Die taak, waarover uit de aard der zaak de Apostolische Stoel te waken heeft, moet niet alleen worden waargenomen door de afzonderlijke bisschoppenconferenties, maar gaat ook en zonder enige uitzondering iedere bedienaar van de Eucharistie aan. Eenieder dient bovendien te bedenken dat hij echt verantwoordelijkheid draagt voor het gemeenschappelijk goed van de kerk. De priester als bedienaar en celebrant, als degene die de eucharistische samenkomst van de gelovigen voorzit, hoort een bijzonder gevoel te hebben voor het gemeenschappelijke goed van de Kerk, dat hij door zijn bediening tegenwoordig stelt maar waaraan hij op zijn beurt volgens een juiste geloofsdiscipline ook ondergeschikt dient te zijn. Hij mag zichzelf niet als een 'eigenaar' beschouwen die vrij kan beschikken over de liturgische tekst en de heilige rite, alsof het zijn eigendom was waaraan hij zelf naar willekeur een eigen vorm kan geven. Het kan weliswaar meermaals de schijn hebben dat dit laatste beter werkt en meer voldoening schenkt aan de subjectieve vroomheid, maar objectief houdt dit steeds een verraad in aan die communio die juist in het sacrament van de eenheid haar ware en eigenlijke uitdrukking dient te vinden. Laat daarom iedere priester die het heilig offer opdraagt, bedenken dat tijdens dit offer niet alleen hij met zijn gemeenschap bidt, maar dat daarbij tevens de hele kerk bidt, die aldus - en ook door het gebruik van de goedgekeurde liturgische tekst - in dit sacrament haar geestelijke eenheid uitdrukt. Wie een dergelijk standpunt een al te groot streven naar 'uniformiteit' noemt, laat daarmee alleen maar zien dat hij niet op de hoogte is met de objectieve vereisten van de echte eenheid, en dat is een teken van wat men een schadelijk individualisme noemt.
Deze ondergeschiktheid van de bedienaar of celebrant aan het 'mysterie' dat hem door de kerk voor het welzijn van heel het Godsvolk is toevertrouwd, dient ook daarin tot uiting te komen, dat hij zich houdt aan de liturgische voorschriften aangaande de viering van het heilig offer. Bijvoorbeeld met betrekking tot de kleding en met name de heilige gewaden van de celebrant. Er zijn inderdaad omstandigheden geweest - en zij komen nog voor - waarin die voorschriften niet verplichten. Met diepe ontroering hebben wij, in boeken die geschreven zijn door priesters die destijds gevangen hebben gezeten in concentratiekampen, verhalen gelezen over eucharistievieringen waarbij de hierboven genoemde normen niet in acht genomen werden, zonder altaar en zonder gewaden. Was dat in dergelijke omstandigheden een teken van heldhaftigheid dat terecht hoge achting verdiende, toch kan het verwaarlozen van de liturgische richtlijnen in normale omstandigheden worden gezien als een gebrek aan eerbied jegens de Eucharistie, waarvan de oorzaak wellicht gelegen is in een bijzondere neiging van de celebrant zelf, of in een gemis aan kritische zin ten opzichte van de heersende opvattingen, of zelfs in een zeker ontbreken van de geest van geloof.

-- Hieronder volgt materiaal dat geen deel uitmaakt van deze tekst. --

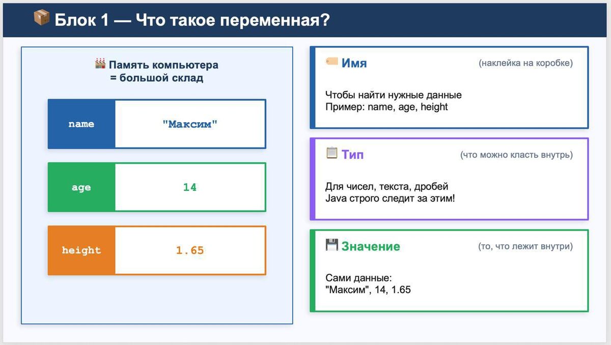 Каждая тема — отдельный видеоурок. Я объясняю на видео 5 минут, на экране — слайд с кодом и аналогией из жизни. Никаких скучных лекций. Только: Вопрос, который задаёт каждый новичок Аналогия — чтобы понял даже тот, кто никогда не программировал Код — короткий и понятный Задание — попробовать самому Вот слайды из урока про переменные. Смотри — и сразу понятно что происходит. Такой курс я делаю для детей от 8 лет и взрослых с нуля. Без занудства. Ну и Английский внутри 👀 #Объясняю просто — это принцип. 👇Напишите в комментарии: Вам или Вашему ребёнку было бы интересно учиться вот так? Я в MAX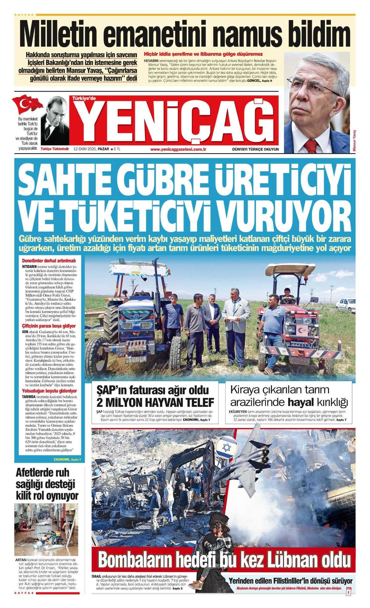 Yeni Çağ Gazetesi 12 Ekim 2025 Günü Manşeti

Op ons allen, die door de genade van God bedienaren zijn van de Eucharistie, rust op een bijzondere manier de plicht ons te bekommeren om de opvattingen en houdingen van onze broeders en zusters die aan onze herderlijke zorg zijn toevertrouwd. Het is onze taak om, vooral door ons persoonlijk voorbeeld, iedere gezonde vorm van verering jegens Christus die in dit sacrament van liefde aanwezig en werkzaam is, aan te moedigen. God beware er ons voor anders te handelen en die verering te verzwakken door zelf 'ontwend' te raken aan de verschillende uitingsvormen van de eucharistische eredienst, waarin een weliswaar 'traditionele' maar gezonde vroomheid tot uitdrukking komt, en bovenal die 'geloofszin' die eigen is aan heel het volk van God, waaraan het Tweede Vaticaans Concilie heeft herinnerd. vgl: Lumen Gentium, 12[[[617|12]]]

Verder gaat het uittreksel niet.